Start of Provided data
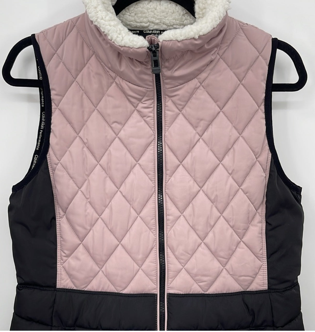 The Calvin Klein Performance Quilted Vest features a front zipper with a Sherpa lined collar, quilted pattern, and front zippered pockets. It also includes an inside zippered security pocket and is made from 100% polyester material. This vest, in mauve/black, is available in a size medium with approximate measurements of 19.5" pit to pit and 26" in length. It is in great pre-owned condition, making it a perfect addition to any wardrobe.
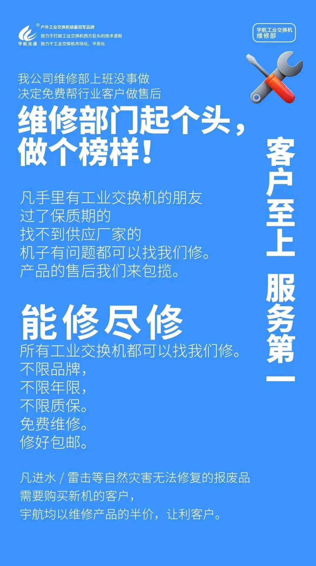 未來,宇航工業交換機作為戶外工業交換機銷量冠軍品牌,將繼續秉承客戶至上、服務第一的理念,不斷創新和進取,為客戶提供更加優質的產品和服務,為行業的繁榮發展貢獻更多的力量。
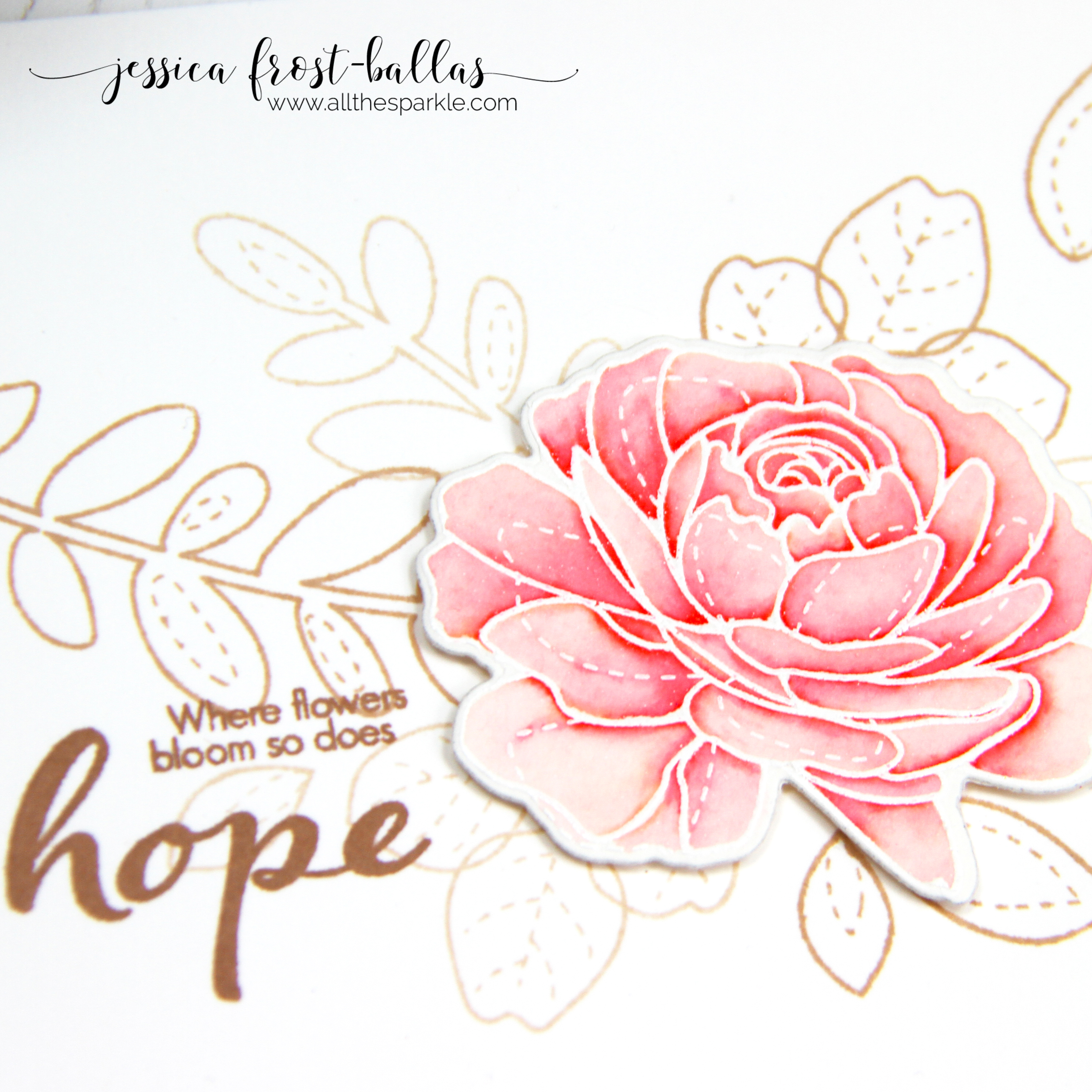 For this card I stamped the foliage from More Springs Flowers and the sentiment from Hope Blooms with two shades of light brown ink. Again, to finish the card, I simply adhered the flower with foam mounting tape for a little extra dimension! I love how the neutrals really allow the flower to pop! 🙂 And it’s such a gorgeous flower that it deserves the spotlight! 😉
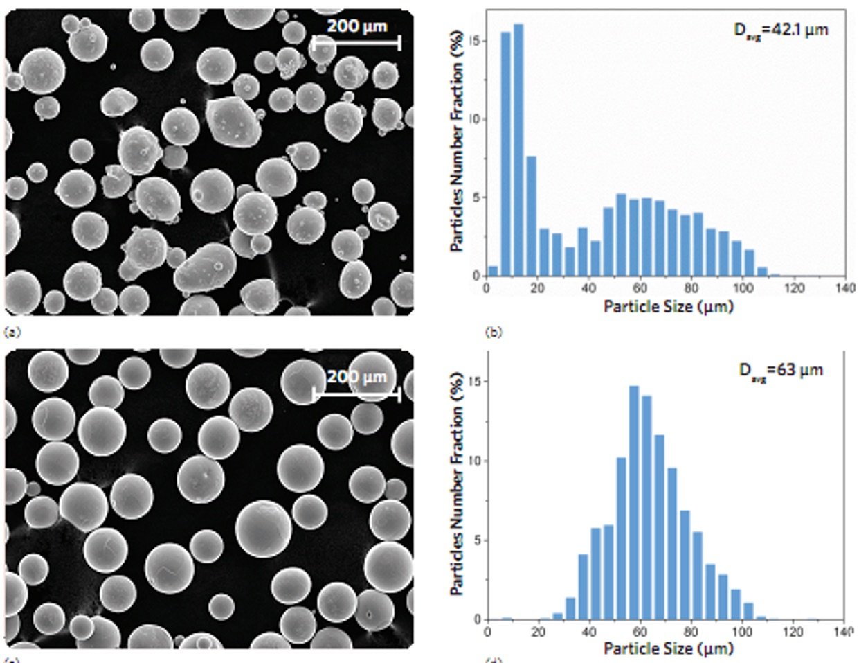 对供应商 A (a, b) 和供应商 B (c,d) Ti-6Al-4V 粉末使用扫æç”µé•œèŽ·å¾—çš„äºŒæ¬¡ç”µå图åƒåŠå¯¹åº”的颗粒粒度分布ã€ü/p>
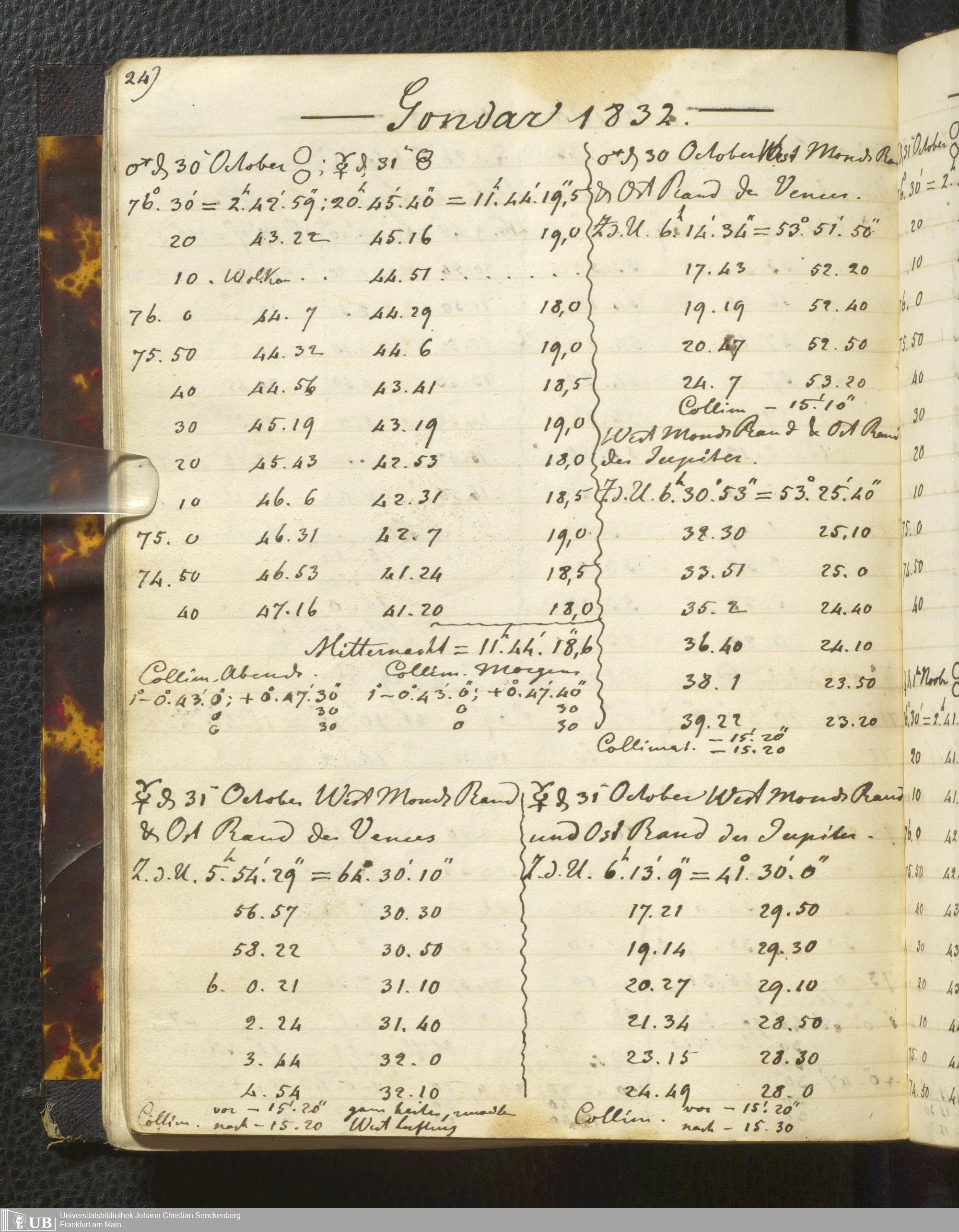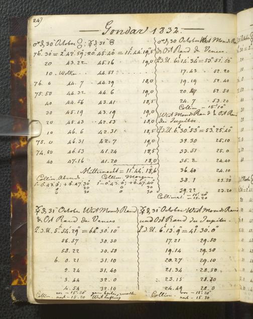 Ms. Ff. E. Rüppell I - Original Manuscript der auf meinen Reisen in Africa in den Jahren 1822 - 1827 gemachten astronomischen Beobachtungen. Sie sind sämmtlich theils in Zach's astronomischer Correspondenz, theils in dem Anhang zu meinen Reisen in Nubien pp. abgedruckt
End of Provided data
Start of Provided data
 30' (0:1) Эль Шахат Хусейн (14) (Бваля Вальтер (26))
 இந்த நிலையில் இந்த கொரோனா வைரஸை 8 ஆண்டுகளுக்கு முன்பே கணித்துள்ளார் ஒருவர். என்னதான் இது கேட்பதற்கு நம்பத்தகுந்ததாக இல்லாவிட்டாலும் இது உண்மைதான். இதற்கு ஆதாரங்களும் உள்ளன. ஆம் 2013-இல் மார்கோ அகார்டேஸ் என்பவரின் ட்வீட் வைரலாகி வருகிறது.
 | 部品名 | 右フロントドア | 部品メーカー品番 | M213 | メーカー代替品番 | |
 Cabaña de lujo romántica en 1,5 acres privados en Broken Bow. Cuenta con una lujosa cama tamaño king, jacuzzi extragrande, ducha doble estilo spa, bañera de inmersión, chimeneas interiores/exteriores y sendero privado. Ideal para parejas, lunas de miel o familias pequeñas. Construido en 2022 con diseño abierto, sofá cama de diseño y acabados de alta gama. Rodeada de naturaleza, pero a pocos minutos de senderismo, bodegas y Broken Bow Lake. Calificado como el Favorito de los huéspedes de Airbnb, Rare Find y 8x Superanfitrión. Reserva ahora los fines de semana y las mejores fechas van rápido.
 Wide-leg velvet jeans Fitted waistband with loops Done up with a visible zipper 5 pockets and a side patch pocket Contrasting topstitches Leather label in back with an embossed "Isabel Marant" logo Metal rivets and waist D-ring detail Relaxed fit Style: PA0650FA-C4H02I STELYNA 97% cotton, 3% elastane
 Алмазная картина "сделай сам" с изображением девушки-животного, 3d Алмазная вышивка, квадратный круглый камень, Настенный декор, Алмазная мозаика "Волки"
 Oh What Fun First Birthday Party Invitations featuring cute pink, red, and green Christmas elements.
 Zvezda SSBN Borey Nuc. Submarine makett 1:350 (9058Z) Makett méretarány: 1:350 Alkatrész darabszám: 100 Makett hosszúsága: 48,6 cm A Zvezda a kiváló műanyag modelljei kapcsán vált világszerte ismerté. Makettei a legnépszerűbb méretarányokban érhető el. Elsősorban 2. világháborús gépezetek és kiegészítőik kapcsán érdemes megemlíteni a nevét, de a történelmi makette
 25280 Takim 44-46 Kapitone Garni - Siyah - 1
End of Provided data
Start of Provided data
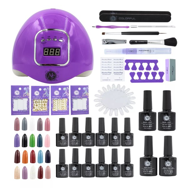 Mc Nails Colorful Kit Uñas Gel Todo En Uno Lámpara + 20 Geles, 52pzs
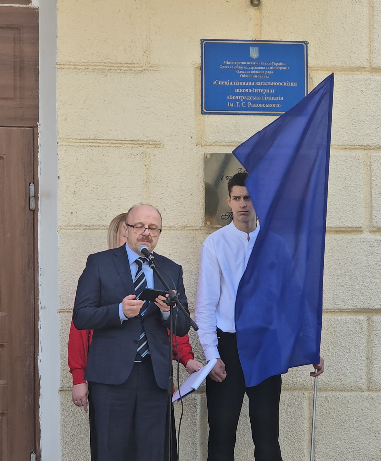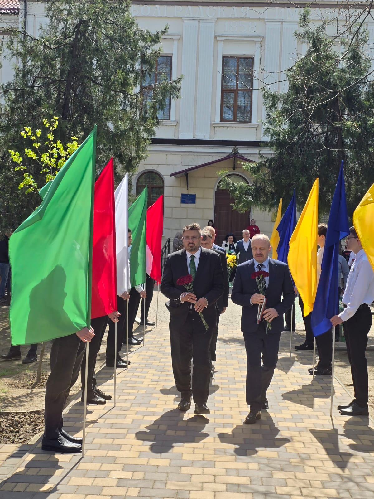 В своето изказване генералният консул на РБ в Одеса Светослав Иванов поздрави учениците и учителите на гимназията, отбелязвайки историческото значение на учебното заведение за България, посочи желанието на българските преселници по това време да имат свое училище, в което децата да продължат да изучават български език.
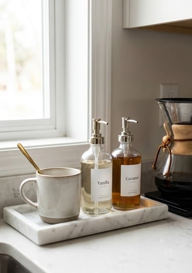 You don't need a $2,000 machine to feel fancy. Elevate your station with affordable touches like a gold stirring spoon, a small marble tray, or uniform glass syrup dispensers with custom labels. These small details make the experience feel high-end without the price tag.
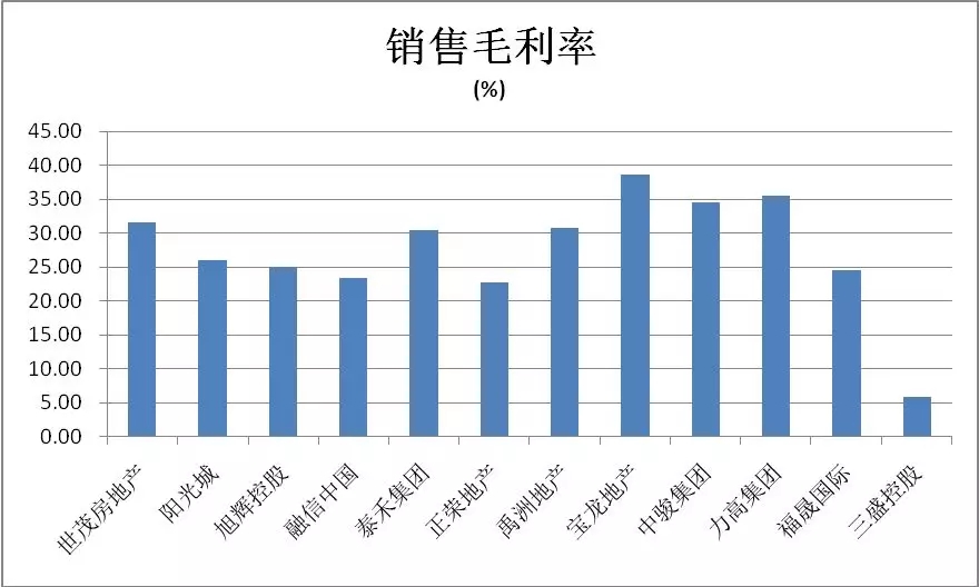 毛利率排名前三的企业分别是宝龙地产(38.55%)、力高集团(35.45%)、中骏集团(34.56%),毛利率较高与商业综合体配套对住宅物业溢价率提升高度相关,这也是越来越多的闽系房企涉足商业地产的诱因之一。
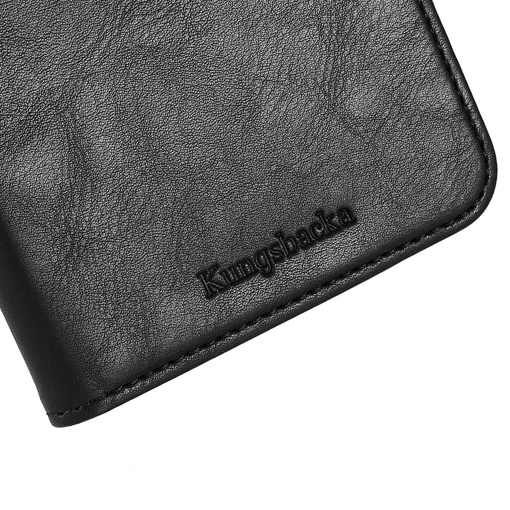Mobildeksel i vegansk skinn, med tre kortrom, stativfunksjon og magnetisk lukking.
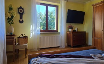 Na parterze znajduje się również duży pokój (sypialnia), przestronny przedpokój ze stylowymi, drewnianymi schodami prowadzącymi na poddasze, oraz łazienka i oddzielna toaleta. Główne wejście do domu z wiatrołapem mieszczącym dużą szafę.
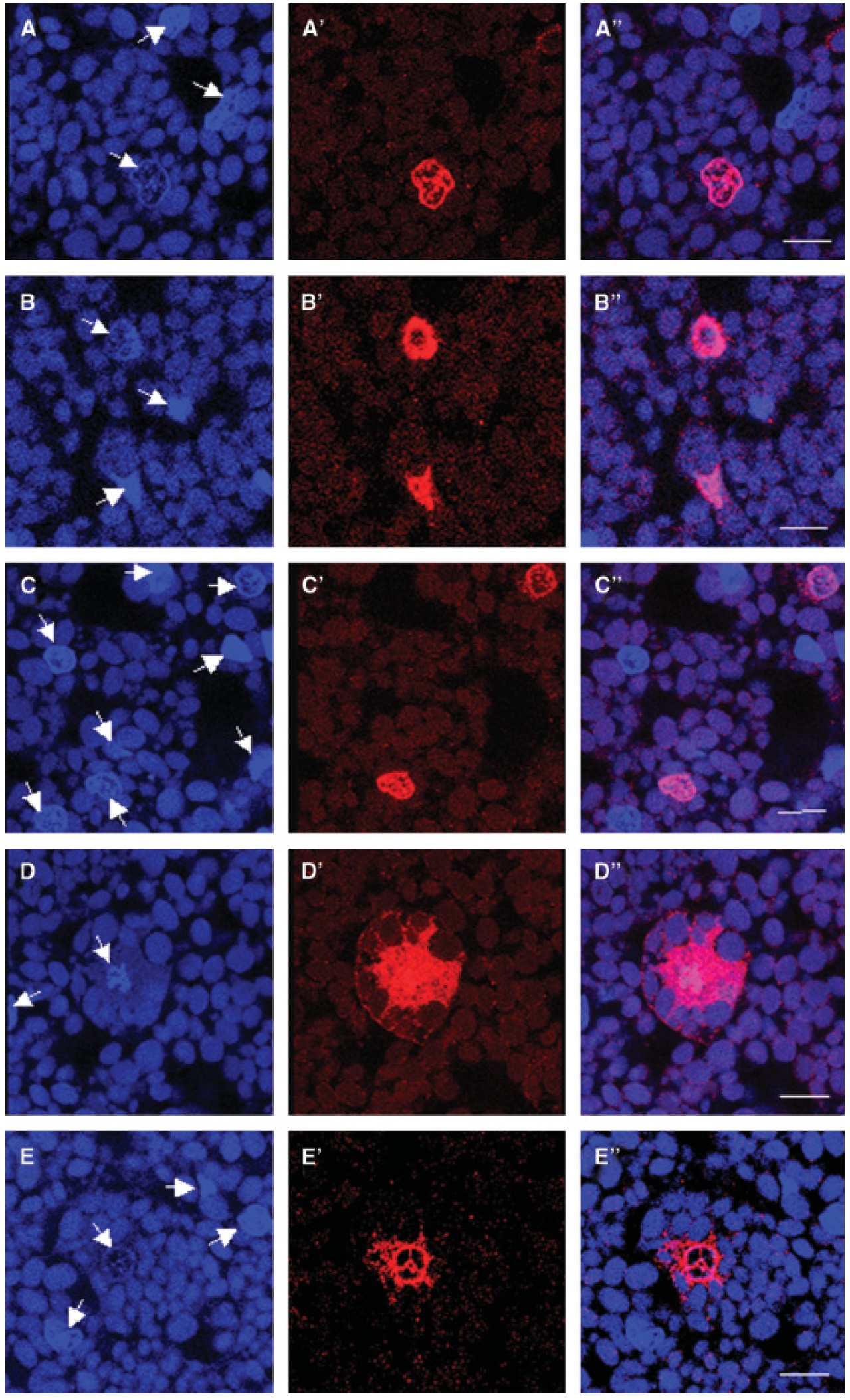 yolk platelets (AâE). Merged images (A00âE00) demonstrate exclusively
End of Provided data
What is needed: Above are the entries. Output exactly the lines beginning with the line that has "Cabaña de lujo" and ending with the line that has "25280 Takim 44-46 Kapitone Garni - Siyah - 1".

Written solution:
 Cabaña de lujo romántica en 1,5 acres privados en Broken Bow. Cuenta con una lujosa cama tamaño king, jacuzzi extragrande, ducha doble estilo spa, bañera de inmersión, chimeneas interiores/exteriores y sendero privado. Ideal para parejas, lunas de miel o familias pequeñas. Construido en 2022 con diseño abierto, sofá cama de diseño y acabados de alta gama. Rodeada de naturaleza, pero a pocos minutos de senderismo, bodegas y Broken Bow Lake. Calificado como el Favorito de los huéspedes de Airbnb, Rare Find y 8x Superanfitrión. Reserva ahora los fines de semana y las mejores fechas van rápido.
 Wide-leg velvet jeans Fitted waistband with loops Done up with a visible zipper 5 pockets and a side patch pocket Contrasting topstitches Leather label in back with an embossed "Isabel Marant" logo Metal rivets and waist D-ring detail Relaxed fit Style: PA0650FA-C4H02I STELYNA 97% cotton, 3% elastane
 Алмазная картина "сделай сам" с изображением девушки-животного, 3d Алмазная вышивка, квадратный круглый камень, Настенный декор, Алмазная мозаика "Волки"
 Oh What Fun First Birthday Party Invitations featuring cute pink, red, and green Christmas elements.
 Zvezda SSBN Borey Nuc. Submarine makett 1:350 (9058Z) Makett méretarány: 1:350 Alkatrész darabszám: 100 Makett hosszúsága: 48,6 cm A Zvezda a kiváló műanyag modelljei kapcsán vált világszerte ismerté. Makettei a legnépszerűbb méretarányokban érhető el. Elsősorban 2. világháborús gépezetek és kiegészítőik kapcsán érdemes megemlíteni a nevét, de a történelmi makette
 25280 Takim 44-46 Kapitone Garni - Siyah - 1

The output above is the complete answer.